Site Reliability Engineer
- Home
- Site Reliability Engineer
Site Reliability Engineer
Job Type: Fulltime
Location: Canada Remote
Role and Responsibilities:
- Design, build, and maintain highly reliable and scalable systems and infrastructure to ensure
optimal performance and availability.
- Develop and implement automation tools and frameworks to streamline operations, deployment, and
configuration management processes.
- Monitor, analyze, and optimize the performance of systems, applications, and network infrastructure
to proactively identify and resolve bottlenecks and issues.
- Collaborate with software engineering teams to design and implement scalable, fault-tolerant
architectures for new and existing applications.

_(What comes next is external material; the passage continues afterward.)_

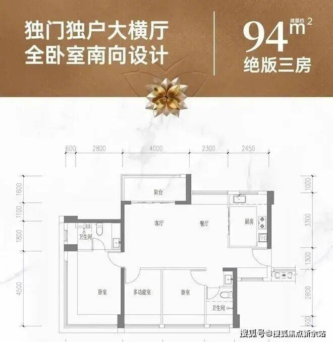 约94㎡三房两卫 | 奢阔横厅范本【折后单价约4.45-4.64万,折后总价约420-438万】(仅限开盘当天)• 独门独户,方正横厅,南北通透,对望泳池;• 空间感远超新规,曾经开盘即售罄,珈誉大城最后43套,绝版!

- Troubleshoot and resolve production incidents, conducting root cause analysis and implementing
preventive measures to minimize the occurrence of similar issues.
- Implement and maintain monitoring, alerting, and logging systems to ensure the early detection of
anomalies and to facilitate troubleshooting and debugging efforts.
- Conduct capacity planning and performance testing to ensure systems can handle current and future
loads and traffic.
- Define and enforce best practices, standards, and policies for system reliability, security, and
performance across the organization.
- Collaborate with cross-functional teams to ensure proper backup, disaster recovery, and business
continuity plans are in place and tested.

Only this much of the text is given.